REQUIRED WORK: Please restate word for word all lines from the one containing "結(jié)合山脈走勢(sh" to the final line of the entries, and include no pictures.

====

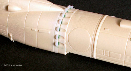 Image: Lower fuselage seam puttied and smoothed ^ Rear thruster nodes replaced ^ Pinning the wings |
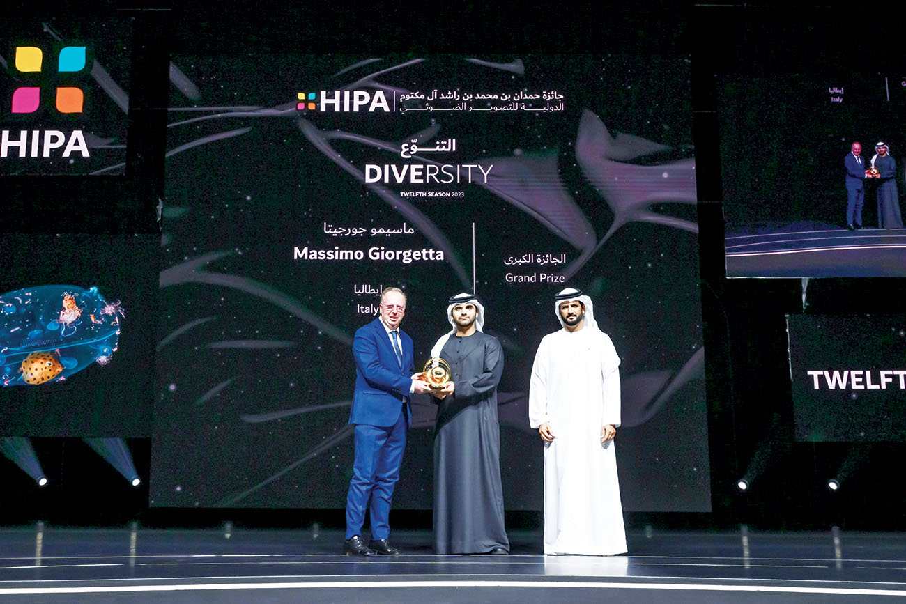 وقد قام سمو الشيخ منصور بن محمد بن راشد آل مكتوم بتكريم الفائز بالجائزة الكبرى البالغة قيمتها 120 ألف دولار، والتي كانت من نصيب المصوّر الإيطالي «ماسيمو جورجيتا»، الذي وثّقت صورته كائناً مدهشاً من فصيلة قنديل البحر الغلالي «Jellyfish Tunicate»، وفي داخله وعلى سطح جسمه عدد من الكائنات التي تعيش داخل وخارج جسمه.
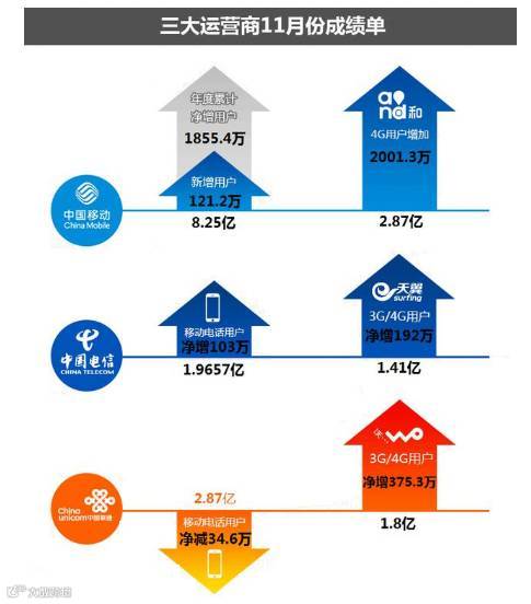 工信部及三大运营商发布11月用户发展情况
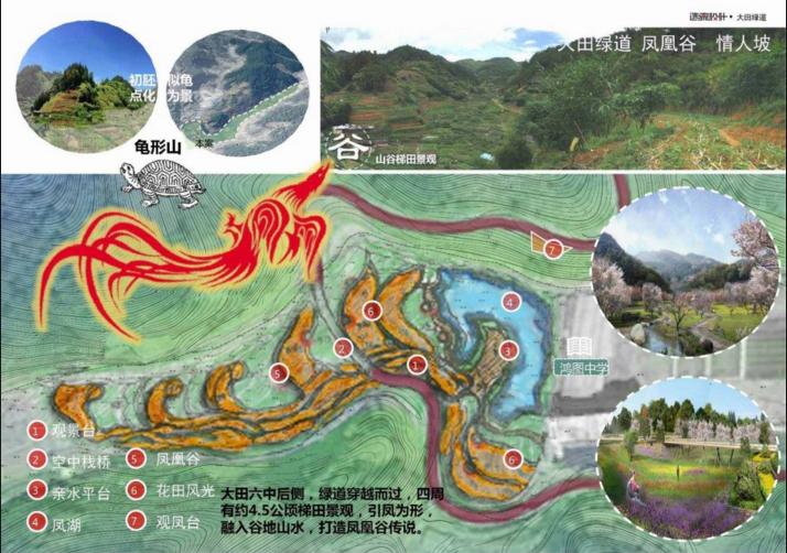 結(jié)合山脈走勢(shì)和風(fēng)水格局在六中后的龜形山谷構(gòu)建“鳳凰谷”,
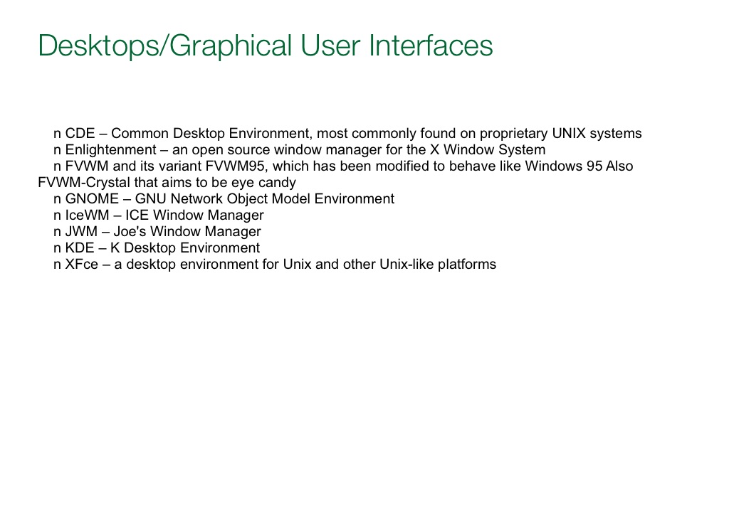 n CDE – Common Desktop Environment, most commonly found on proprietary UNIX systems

====

RESULT FOR THIS TASK:
 結(jié)合山脈走勢(shì)和風(fēng)水格局在六中后的龜形山谷構(gòu)建“鳳凰谷”,
 n CDE – Common Desktop Environment, most commonly found on proprietary UNIX systems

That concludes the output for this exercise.